Any hope for relief in the summer was lost as well.
Recalled Victor: “It was even worse when the summer rolled around and we realized we weren’t going to have a club season. I definitely like the summers. Playing on my club team are some of my best memories. I loved all the girls there, and it was really tough not to be able to get out there with them every day. It was the first summer of my life that I didn’t play lacrosse all summer long and go to tournaments every other weekend. It just felt like so much was missing.”
Looking beyond the lost summer, there were negative ripple effects with school team.
“It was frustrating for me a lot, too, because I felt like I had made a lot of progress as a freshman, playing-wise, and had gotten a lot better,” she said. “I was excited to get back on the field and make a difference on the team at South more than I had done my freshman year. In my freshman year, I had taken more of a reserved role on the team. That was tough.”
Victor said that working alone at home on her lacrosse skills became her “only outlet,” so she doesn’t feel like her skills eroded much during the prolonged layoff.
“I definitely used lacrosse as a way to get through not being able to see anybody,” she said, adding that her club team eventually started to have summer practices.
However, Victor is wistful about what might been, in terms of playing at the next level, had COVID not struck and wiped out a key season.
“COVID mostly had a negative impact on my recruiting process for lacrosse,” she said. “That was the biggest summer of my life, leading up to my junior year. I definitely didn’t have enough film. I didn’t have enough exposure. It stunted the early months. That was frustrating for sure.”
And while it’s hard to have a crystal ball, she does wonder what might have been.
“If I had a regular year that year, I would definitely like to think that I would have gotten a better opportunity,” said Victor, who also was on the tennis team up until this her senior year. “College coaches weren’t able to come out and watch our games. They were recruiting based on film. Some of my film isn’t the greatest. It didn’t really represent my playing ability. It’s not a highlight reel.

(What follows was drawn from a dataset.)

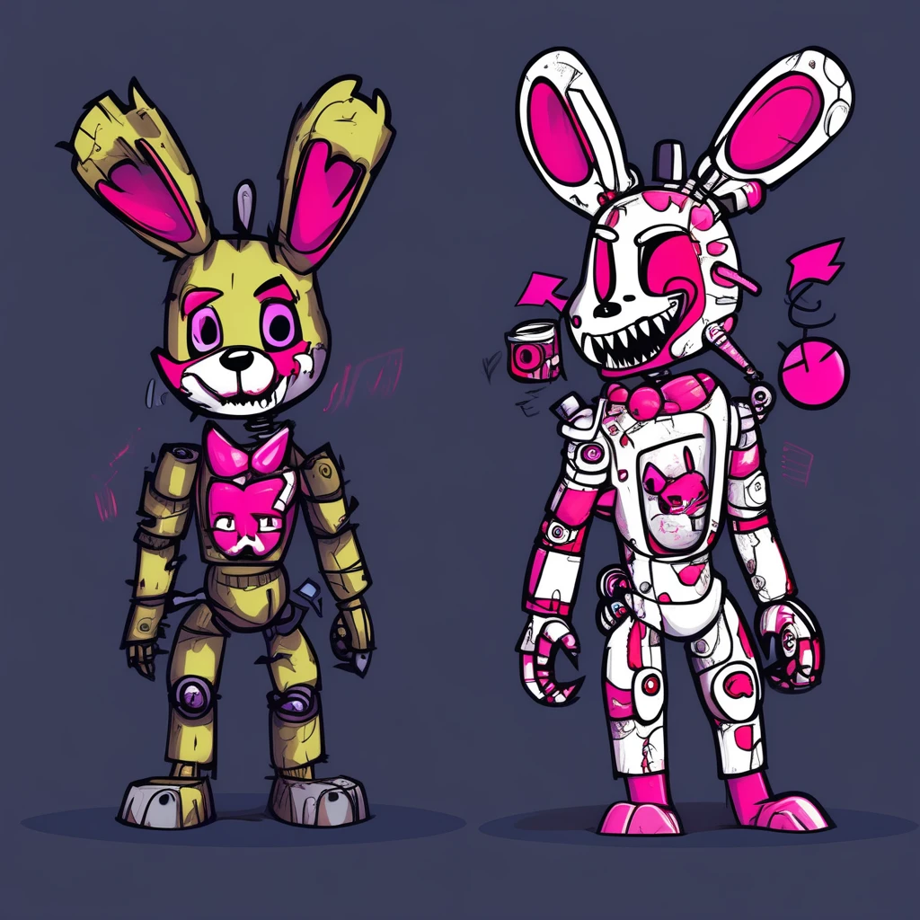 Generates characters in Springtrap and Mangle style. The style belongs to Quiet Tomato, also known as Corporal Shepherd.

It’s more the personality, leadership abilities, field vision and lacrosse IQ.”
Wise Night Owl
There is more to Victor than a fierce competitor and leader on the lacrosse field.
She carries it over to the classroom, where she boasts a weighted GPA in the 4.3 range, putting her on track for Magna Cum Laude status, as she takes a whopping five AP classes.
Victor – thanking her coaches and her parents, Erin and Jeremy – for being her “No. 1 supporters” also added that her sleep schedule adds to her success.
“I’m definitely a night owl,” she said, adding that her friends were all extremely helpful during the stress of senior year. “If I have homework to do, I’m staying up to do it. I can’t really wake up. I have late arrival this year, which is really nice. I can get up at 8 every day, instead of 6:30.”
Victor also served on National Honor Society as an upperclassman and, among her litany of academic honors was a prestigious West Point award as a freshman.
“That award is basically for a student-athlete who shines and off the field,” said Victor, whose other volunteer activities include Athletes Helping Athletes and refereeing youth field hockey for the Warrington-Warwick Youth Association and lining the field for Warrington soccer.
This all begs the question of how she manages her time.
Her answer is a simple one.
“Honestly, I don’t really know, but it seems like the busier I am, the most efficient I work,” she said. “If I have less down time, I get more work done and stay on track. I have never really had an issue balancing academics and athletics because I enjoy both of them. I value both of them. I like to learn, and it’s an important thing in my life. I make sure I make time for it.”